The Pensacola Museum of Art is hosting a display of African art in addition to the Youth Art Focus exhibit. Many of the items in the display are masks in different styles that are used in different rituals and ceremonies. It includes several different African cultures or tribes.
The Baule culture is one of the African tribes included in the display. Baule carvers are most concerned with showing accurate human and animal features in their sculptures. Carvers are taught through apprenticeship to learn the style, which includes a smooth surface, balanced proportion, clear lines and a slight asymmetry.
The arched eyebrows and eyes are nearly closed. This is a sign of respect. In African culture, when a youth or subordinate appear in front of an elder, king or wise man, they will look downward to show respect.
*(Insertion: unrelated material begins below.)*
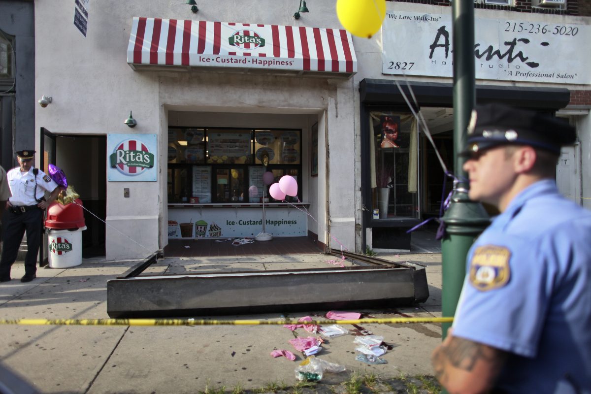 PHILADELPHIA (AP) – A metal security gate detached from the facade of an Italian ice shop Saturday afternoon, killing a 3-year-old girl, police said.

Baule portrait masks detail the facial features of eyes, eyebrows, nose, mouth and eyes. The hair and beard are made from raffia. The carved ovals on the cheeks are scarification, scars made in a ceremony when a boy comes of age and is considered a man. A beard indicates that person is an elder, someone who has created a family, or someone who deserves respect that comes with age and wisdom.
Children in first and second grade can make their own masks to represent the people in their family who deserve respect. To make a mask, you will need:
- Paper plate
- Paper punch
- Yarn or string
- Rug yarn, raffia or paper Easter grass
African masks are attached to the head with a loop of string. The string is tied to the mask on the right and left, and then tied on the back of the head. If the mask is to be worn, attach string to the plate in this way. If the mask is to be used as a wall hanging, use a paper punch to make a hole near the rim of a paper plate at the top. Pass a piece of string through the hole, and tie the ends with an overhand knot, to make a hanger.
Draw a face on the mask with markers. Facial features can also be made by gluing pre-cut paper shapes to the plate. Try to make the face look like the family member the student wants to honor.
Save small pieces of yarn from other projects, or use pre-cut rug hooking yarn. Apply a glue stick to the paper plate, near the rim, about half the way around the plate’s edge, with the hanging hole at the top. Press yarn pieces into the glue. Add more yarn for a beard or mustache, if the family member has one.
Sunshine State Standards
VA.C.1.1.1 Knows that specific works of art belong to particular cultures, times and places.
- The student used a paper punch to make holes in the paper plate, in the location needed.
- The student used care and control when applying glue.
- The student made the face look like someone in their family.
- The student placed the hair and facial features in the proper locations.